Inside, lobbyists rang the cash register to Finneran's
Victory Fund campaign account. Most notable were leaders from the teachers' and police unions. In the weeks prior to the
House vote, both unions mounted radio ad campaigns urging citizens to support lawmakers voting to
raise taxes for education and public safety.
When the House passed its budget the next day, the education
and public safety accounts went largely unscathed. Finneran's promised reform of the Quinn Bill, an $84 million state
giveaway to police officers, was ignored. So now police can continue to get college credit in
uncertified law enforcement programs in coffee shops according to a Boston Globe
investigation while taxpayers foot the bill.
But, 30,000 low-income Medicaid recipients who couldn't
spring for a lobbyist to Finneran's feast weren't so lucky. They were dismissed from the budget barbecue like "mere
voters."
As for Birmingham, he played the same game with the
education and police lobby, adding millions in extra spending to the Senate budget to ingratiate himself with the AFL-CIO and
others who had an endorsement to sell. Some Democratic colleagues, particularly Sen.
Robert Havern, publicly questioned Birmingham's motives.

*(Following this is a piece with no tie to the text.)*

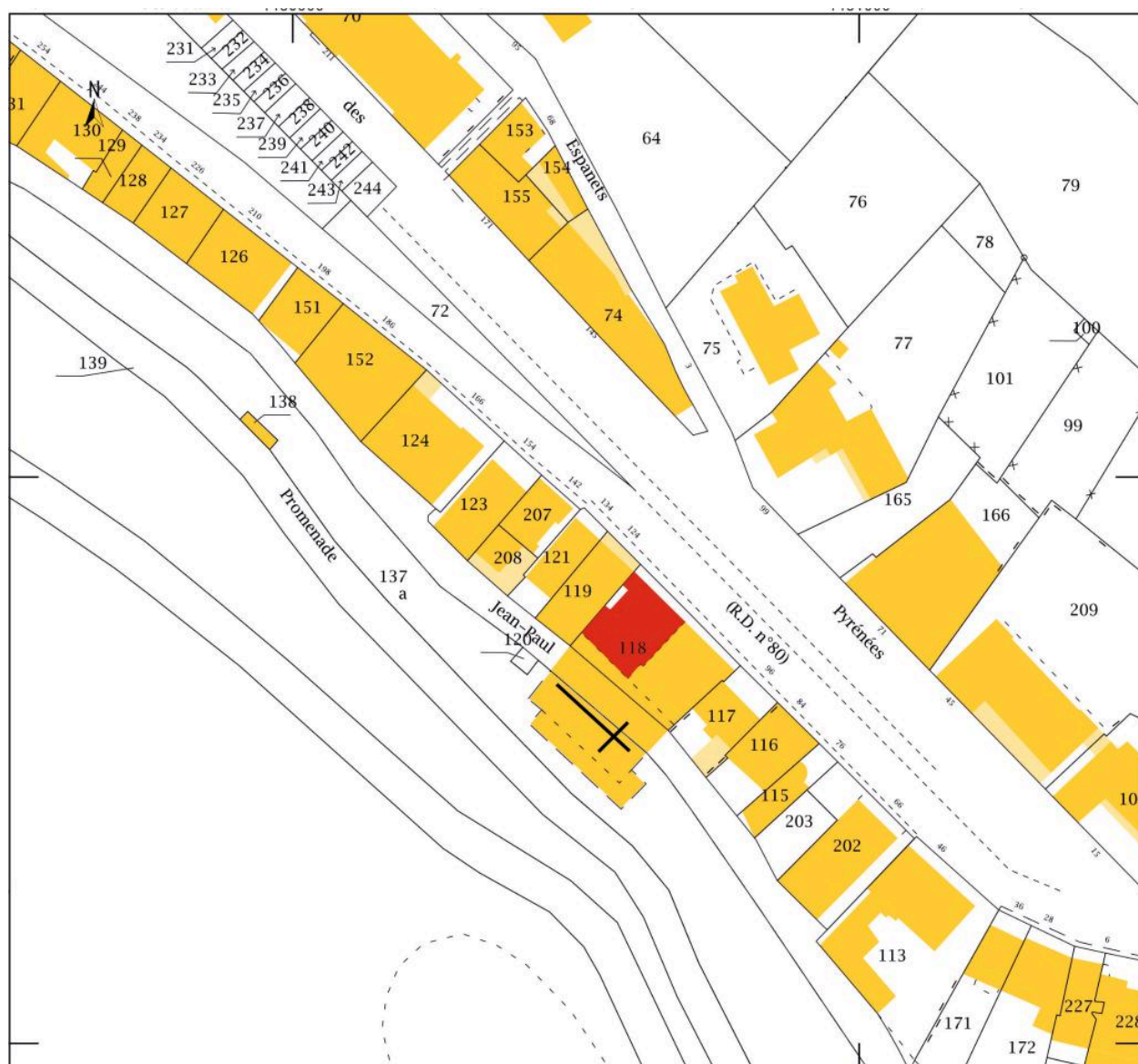
Plan de situation (cadastre 2020).

In essence, Birmingham used Massachusetts taxpayers to gain
an advantage for himself. Politicians do this all the time, but not when they are a Rhodes Scholars touting character and
integrity in a tight gubernatorial race.
I doubt Finneran, Birmingham and the Legislature individually and collectively will seek
voters' forgiveness for their political sins. They won't because they don't trust us to
make decisions for the Commonwealth.
Yet as I keep a tally of all the legislative betrayals, I
can't help but think there will come a judgment day when the unforgiven aren't the "mere voters."
Jim Campanini is The Sun's editorial page editor.